孤独な老人に残されたのは、たった一人の病弱な孫娘。祖父の心境を思うと胸が苦しくなる。医者からは早逝の定めだと告げられた。健康な身体で生まれてこれなかった自分を恨めしかった。
女仙に召し上げてくれた皇帝ベルゼフリートの慈愛。そしてヘルガ・ケーデンバウアー侯爵の取り成し。リアは二人の主人から受けた恩義をけして忘れない。
恩に報いる忠義を尽くす。だからこそ、セラフィーナの身を按じた。
ヘルガの命令は絶対だ。隣国の女王セラフィーナに誠心誠意、真心で仕えろと命じられた。その命令は解除されていない。
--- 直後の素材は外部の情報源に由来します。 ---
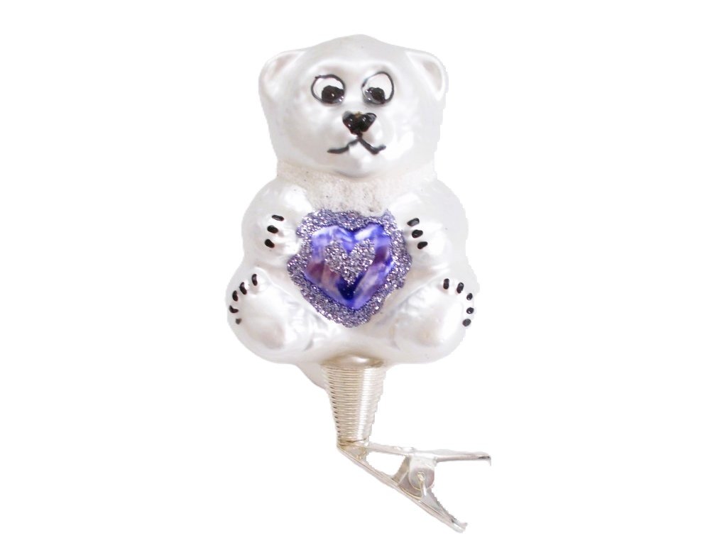 Vánoční ozdoba Bílý medvídek s fialovým srdíčkem - skleněná vánoční ozdoba, ve tvaru medvídka, barva bílá. Vánoční ozdoba se skřipcem.

多くの側女を抱える中で、ヘルガはベルゼフリートの従者にリアを選んだ。
意味もなく選ばれたとは考えにくい。権謀術数が蔓延る宮廷内で、心優しい純朴だとリアを褒めてくれた。
――哀れみは大切だ。烈帝の故事を繰り返してはならない。妃達は権力闘争にあけくれ、醜く争い合った末に帝国は崩壊した。
リアはヘルガから聞かされた戒めを心に刻んでいる。
三代目の皇帝、烈帝は権力闘争に明け暮れる傲慢な妃達を蔑如し、大陸全土を焼き滅ぼす災禍〈ザレフォースの大火〉に転じた。
非情な決断だけで国家は成り行かない。国家に関わらず、万事がそうだ。
一方で限度も必要とされる。非情に徹し、法理と合理だけで人を動かせばどうなるか。やはり悪例がある。六代目の哀帝は重圧に耐えきれず、在位二十六年で亡くなった。
ベルゼフリートの治世は八年目。即位の年には内乱、そして隣国のアルテナ王国やバルカサロ王国と戦争。統治はまだ安定しているとは言い難い。
「⋯⋯お目覚めですか。陛下?」
「うん。お昼寝終了。寒くなってきた。秋が終わって、冬の始まりだ。寒いのは苦手。リアの獣毛は生え替わるんだよね。暖かそう」
犬族の獣人には、厚毛で覆われた耳と尻尾がある。
ベルゼフリートはリアを抱き寄せる。
ベッドの並んで横たわる全裸の少年少女。甘酸っぱい恋愛を想像させる。ほんの数歳、リアが年上の姉だった。
「ふわふわの尻尾。僕も欲しかったな⋯⋯。獣人は寒さに強そう」
昼寝から目覚めたベルゼフリートは、リアの柔肌に引っ付いた。身を寄せ合って温め合う。
服を着るなり、毛布を被ればいいのだが、お互いに人肌が心地良かった。
「さっきの続き、ヤりたい? いいよ」
リアは主人の寝室で情交に興じている。伽はセラフィーナの頼みだった。誘いを断る理由はなかった。
「失礼いたします。陛下」
ベルゼフリートの股間に跨がる。反り返る男根を小さな手で掴み、己の陰裂へと誘導する。
深呼吸で息を整え、肺の空気を少しずつ吐き出す。
「んっ⋯⋯! んぁ⋯⋯んぅう⋯⋯!! はぅ⋯⋯!!」
リアの可愛らしいオマンコが、握り拳サイズの亀頭を呑み込む。狭苦しい膣が押し広げられる。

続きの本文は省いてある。